Das Jahr neigte sich dem Ende entgegen. Wieder wurde eine Sitzung der Vorsteherschaft geschlossen. Der Präsident hatte die Angewohnheit, nach der Sitzung Fragen mit einzelnen Kolleginnen und Kollegen zu klären. Kurze Gespräche, Anweisungen, Fragen, Termine regeln. Sein Ziel war stets die Gelegenheit zu nutzen, wenn die Leute gerade verfügbar waren. Heute war sein Stellvertreter an der Reihe. Leicht verunsichert blickte er gespannt auf seinen Chef.

»Kannst du an der Sitzung vom nächsten Mittwoch das ungefähre Budget für das neue Jahr präsentieren? Können wir uns eine halbe Stunde vor der Sitzung hier treffen, um es zu besprechen, bevor wir es unseren Kolleginnen und Kollegen vorstellen?«

Der Finanzverwalter atmete erleichtert auf. Kein Wort über seine Affäre mit Claire.

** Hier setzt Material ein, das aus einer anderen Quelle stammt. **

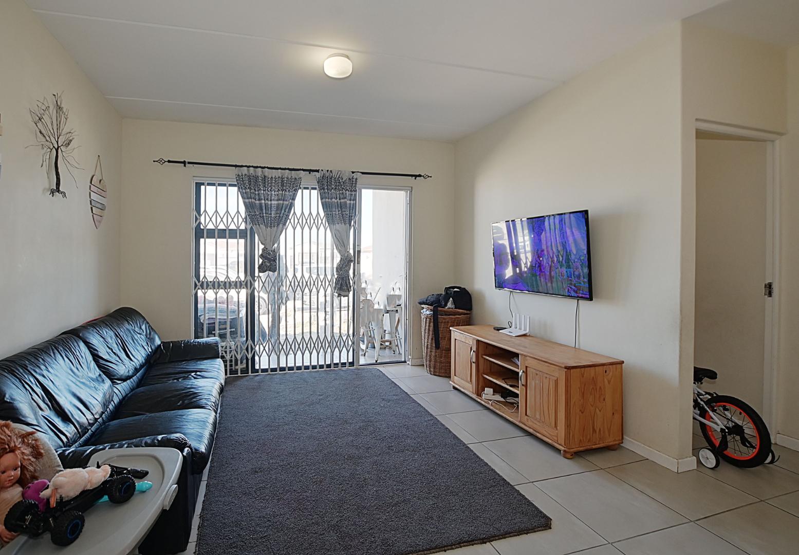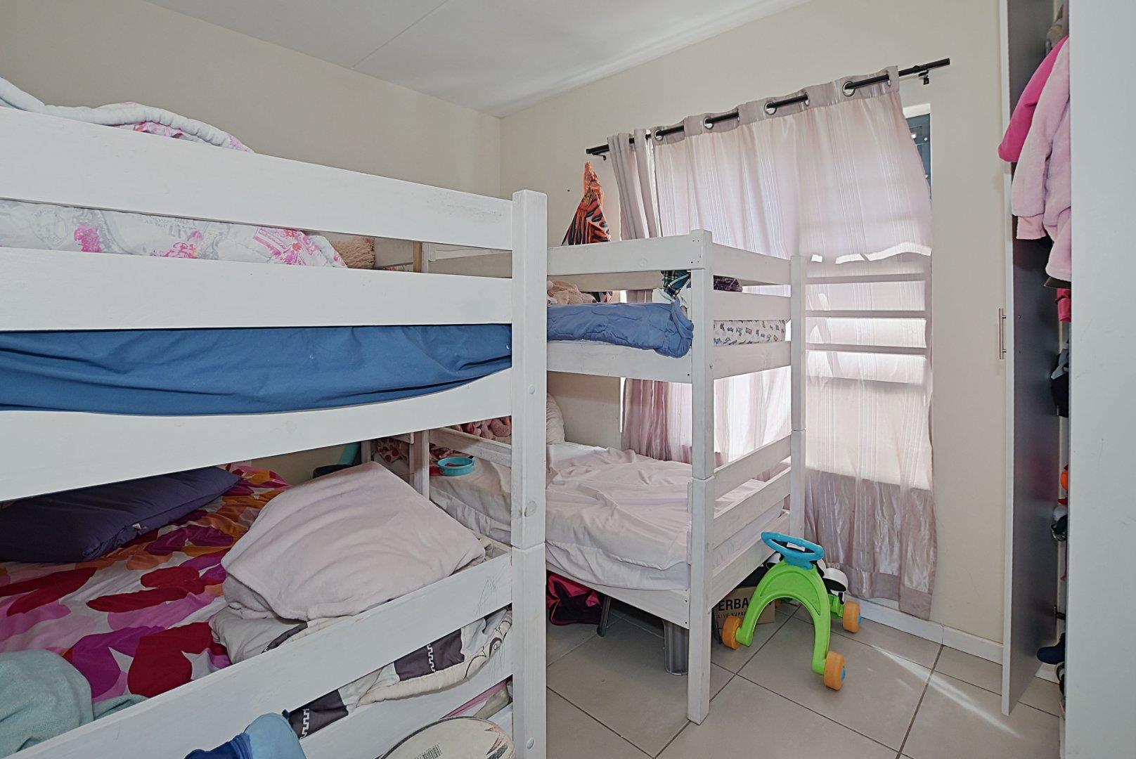 The parking area is in front of the units, with plenty of visitors parking available. An automated security gate with remote control entry and an electric fencing add to peace of mind. There is a play area for kiddies and an enclosed common swimming pool area with braai facilities.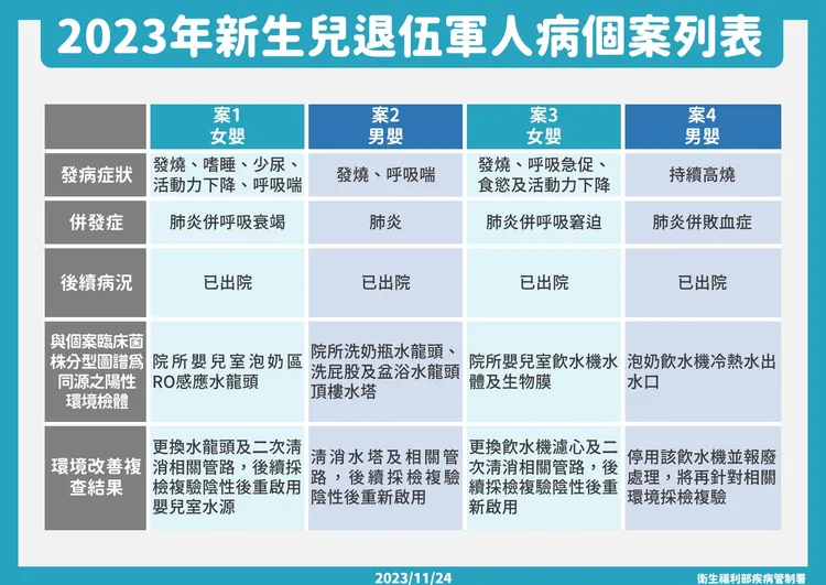 目前4名感染新生兒均已康復出院,另4家院所亦更換或停用相關用水設備,同時進行管路及環境清消與採檢複驗,確認複驗陰性才重啟前述設備。

»Aber selbstverständlich Chef. Ich habe die Zahlen schon einigermassen zusammengestellt und muss allerdings nochmals über die Bücher, denn unsere Finanzlage sieht für mich völlig überraschend gar nicht so rosig aus.«

»Aber hallo jetzt! Wir gehen doch von einer positiven Rechnung aus, jetzt mit unseren neuen Einnahmequellen. Sollte ich mir Sorgen machen?«

»Wie gesagt, ich muss nochmals alles durchrechnen. Ich fürchte, dass ich etwas übersehen habe. Die Bauabrechnung stimmt irgendwie nicht mit dem Budget überein. Gib mir einige Tage, dann ist immer noch genügend Zeit für Sorgen. OK?«

Der Präsident der Kirchgemeinde und sein Stellvertreter verabschiedeten sich und gingen ihre grundverschiedenen Wege.